> Work item
Write exactly the lines running from the start of the material below to the line that includes "Big 12 Conference", and include no pictures.

-------

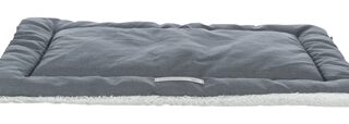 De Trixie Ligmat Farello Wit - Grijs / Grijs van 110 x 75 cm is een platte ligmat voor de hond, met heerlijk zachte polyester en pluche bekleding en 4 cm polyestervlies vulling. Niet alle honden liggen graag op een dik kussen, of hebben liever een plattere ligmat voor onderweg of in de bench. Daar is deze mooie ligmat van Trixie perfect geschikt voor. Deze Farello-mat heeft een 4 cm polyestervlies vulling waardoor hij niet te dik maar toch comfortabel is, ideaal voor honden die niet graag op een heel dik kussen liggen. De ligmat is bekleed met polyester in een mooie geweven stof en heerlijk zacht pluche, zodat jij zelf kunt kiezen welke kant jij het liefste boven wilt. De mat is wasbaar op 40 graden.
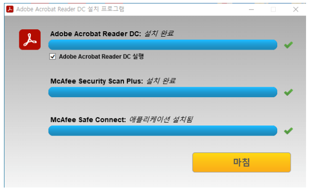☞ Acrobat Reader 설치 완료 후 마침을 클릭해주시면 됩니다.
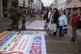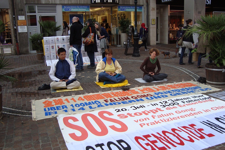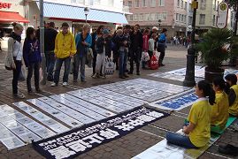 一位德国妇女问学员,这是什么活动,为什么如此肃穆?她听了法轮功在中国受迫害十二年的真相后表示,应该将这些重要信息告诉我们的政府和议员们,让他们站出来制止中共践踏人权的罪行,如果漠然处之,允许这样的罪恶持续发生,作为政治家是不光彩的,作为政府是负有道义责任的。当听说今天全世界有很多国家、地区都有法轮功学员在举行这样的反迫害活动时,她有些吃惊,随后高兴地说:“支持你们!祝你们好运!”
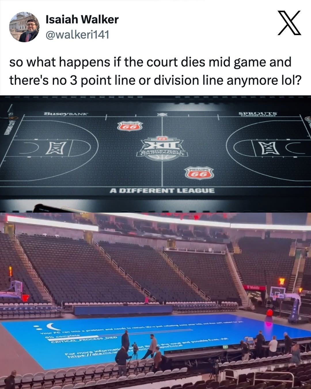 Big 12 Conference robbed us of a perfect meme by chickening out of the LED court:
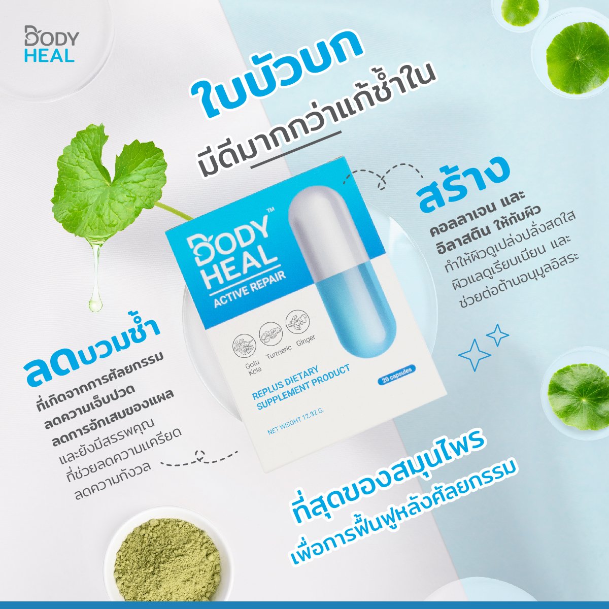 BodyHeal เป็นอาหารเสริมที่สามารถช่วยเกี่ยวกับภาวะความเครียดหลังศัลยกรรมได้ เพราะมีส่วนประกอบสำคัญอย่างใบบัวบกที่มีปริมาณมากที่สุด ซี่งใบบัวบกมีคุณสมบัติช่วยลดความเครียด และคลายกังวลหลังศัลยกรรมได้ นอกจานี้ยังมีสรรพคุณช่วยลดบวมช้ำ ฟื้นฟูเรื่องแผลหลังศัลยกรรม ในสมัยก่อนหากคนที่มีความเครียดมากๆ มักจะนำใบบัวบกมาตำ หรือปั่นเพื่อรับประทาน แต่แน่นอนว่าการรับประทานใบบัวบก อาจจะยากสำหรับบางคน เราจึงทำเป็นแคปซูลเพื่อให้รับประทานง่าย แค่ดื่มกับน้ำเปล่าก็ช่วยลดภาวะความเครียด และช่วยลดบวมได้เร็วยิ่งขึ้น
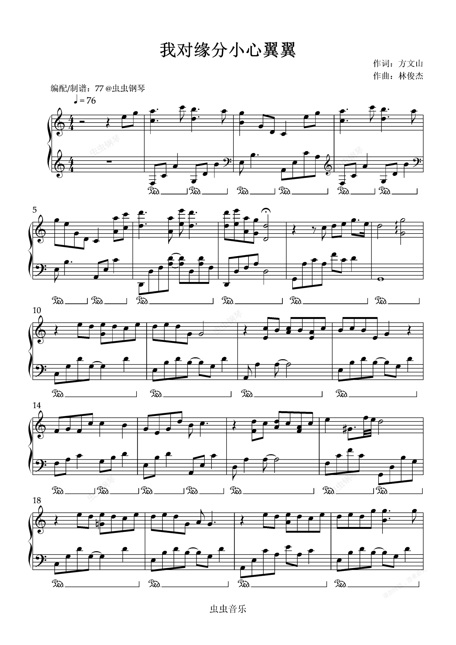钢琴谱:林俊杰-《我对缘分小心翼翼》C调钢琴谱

-------

> Answer to this exercise
 De Trixie Ligmat Farello Wit - Grijs / Grijs van 110 x 75 cm is een platte ligmat voor de hond, met heerlijk zachte polyester en pluche bekleding en 4 cm polyestervlies vulling. Niet alle honden liggen graag op een dik kussen, of hebben liever een plattere ligmat voor onderweg of in de bench. Daar is deze mooie ligmat van Trixie perfect geschikt voor. Deze Farello-mat heeft een 4 cm polyestervlies vulling waardoor hij niet te dik maar toch comfortabel is, ideaal voor honden die niet graag op een heel dik kussen liggen. De ligmat is bekleed met polyester in een mooie geweven stof en heerlijk zacht pluche, zodat jij zelf kunt kiezen welke kant jij het liefste boven wilt. De mat is wasbaar op 40 graden.
☞ Acrobat Reader 설치 완료 후 마침을 클릭해주시면 됩니다.
 一位德国妇女问学员,这是什么活动,为什么如此肃穆?她听了法轮功在中国受迫害十二年的真相后表示,应该将这些重要信息告诉我们的政府和议员们,让他们站出来制止中共践踏人权的罪行,如果漠然处之,允许这样的罪恶持续发生,作为政治家是不光彩的,作为政府是负有道义责任的。当听说今天全世界有很多国家、地区都有法轮功学员在举行这样的反迫害活动时,她有些吃惊,随后高兴地说:“支持你们!祝你们好运!”
 Big 12 Conference robbed us of a perfect meme by chickening out of the LED court:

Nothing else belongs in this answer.